In seeking a response about the evidence the crime lab had lost, McClatchy provided case numbers and the names of criminal suspects and victims to the command’s public affairs office. The Criminal Investigation Command gave investigators McClatchy’s emails as possible evidence of privacy violations. The suspects’ names were never published and McClatchy isn’t disclosing the sources of the material it obtained.
In an effort to determine how McClatchy got the information, investigators pored over employees’ personal phone records looking for McClatchy’s phone number. About 20 employees were questioned and four reported being contacted by McClatchy, but no one acknowledged giving McClatchy the information.

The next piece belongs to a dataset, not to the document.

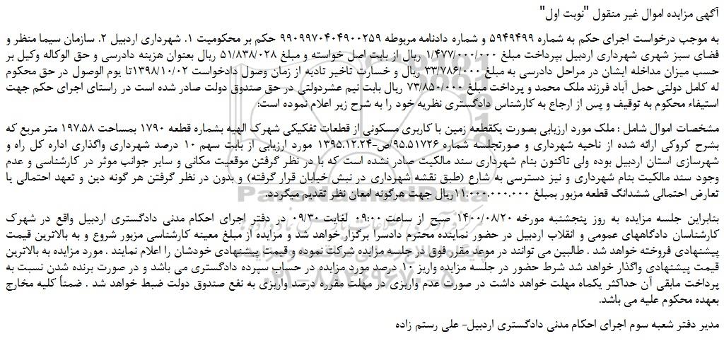 به موجب درخواست اجرای حکم به شماره 5949499 و شماره دادنامه مربوطه 9909970404900259 حکم بر محکومیت 1. شهرداری اردبیل 2. سازمان سیما منظر و فضای سبز شهری شهرداری اردبیل بپرداخت مبلغ 1/477/000/000 ریال از بابت اصل خواسته و مبلغ 51/838/028 ریال بعنوان هزینه دادرسی و حق الوکاله وکیل بر حسب میزان مداخله ایشان در مراحل دادرسی به مبلغ 33/786/000 ریال و خسارت تاخیر تادیه از زمان وصول دادخواست 1398/10/02تا یوم الوصول در حق محکوم له کامل دولتی حمل آباد فرزند ملک محمد و پرداخت مبلغ 73/850/000 ریال بابت نیم عشردولتی در حق صندوق دولت صادر شده است در راستای اجرای حکم جهت استیفاء محکوم به توقیف و پس از ارجاع به کارشناس دادگستری نظریه خود را به شرح زیر اعلام نموده است:

During his interrogation, Mikko acknowledged speaking to a McClatchy reporter about a retaliation complaint he’d filed against lab management. He said he’d first sought permission from the lab’s attorney.
Investigators, however, concluded that he’d violated Army policy by accessing information at the lab for his complaint and by failing to refer the reporter to the command’s public affairs office.
The information about the missing evidence was “likely improperly released” to McClatchy, the investigators said, but they couldn’t determine who’d released it.
Days before being questioned, Mikko had testified in an employee discrimination complaint that a black firearms analyst had filed against lab officials. One of those officials, Richard Tontarski, is the one who later recommended that Mikko be fired. Mikko also had filed his own complaint alleging retaliation for supporting the analyst. Tontarski was one of the managers named in that complaint as well.
In his memo recommending Mikko’s firing, which McClatchy obtained, Tontarski didn’t mention Mikko’s role in the employee disputes but instead emphasized the firearms chief’s contact with McClatchy.
“Your behavior continues to undermine my trust in you and your decision-making ability,” Tontarski wrote in the proposed termination.
Although an administrative law judge concluded late last year that the black employee, A.D. Bell, wasn’t discriminated against, the judge allowed Mikko’s complaint to proceed. In his ruling, the judge also took aim at Tontarski, calling him “an unreliable witness” who claimed “incredible lapses in memory” about events at the lab.
Last week, Mikko asked the Pentagon for whistleblower status, citing the recent threat by Tontarski to fire him and his role as a source in a previous inspector-general inquiry into the lab.